I have looked at this from a few different angles already.
I have put together a new measure that helps to focus on the effects of credit collapse on home prices. I have graphed the relative prices of the median homes in each zip code in the top 20 metro areas. I split each MSA into 5 quintiles, by median home price. Then, over time, I compare the relative change in those prices, indexed to the year 2000 (Quintile 5 divided by Quintile 1).
Here, I have taken the average measure for MSAs, which I have divided into three categories:
1) Closed Access cities (NYC, LA, Boston, San Francisco, San Diego).
2) Contagion cities (Miami, Phoenix, Riverside, Tampa).

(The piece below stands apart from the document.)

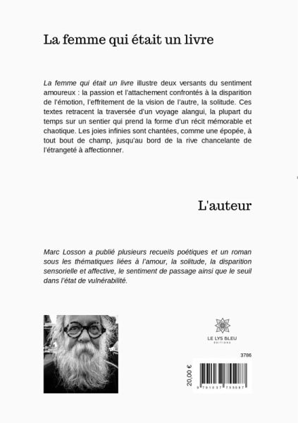 La femme qui était un livre illustre deux versants du sentiment amoureux : la passion et l¿attachement confrontés à la disparition de l¿émotion, l¿effritement de la vision de l¿autre, la solitude. Ces textes retracent la traversée d¿un voyage alangui, la plupart du temps sur un sentier qui prend la forme d¿un récit mémorable et chaotique. Les joies infinies sont chantées, comme une épopée, à tout bout de champ, jusqüau bord de la rive chancelante de l¿étrangeté à affectionner.

3) Other cities in the top 20.
As I have discussed earlier, the peculiar rise in low-tier home prices which has been attributed to credit supply is (1) generally limited to the Closed Access cities and (2) happened because high tier prices systematically rise at a slower pace than low tier homes. It is unlikely, then, that this effect was due to credit access to financially marginal borrowers. Furthermore, there are an insignificant number of middle class home buyers in the Closed Access cities. And, there was no relative rise nationally in borrowing among households with less income, education, etc.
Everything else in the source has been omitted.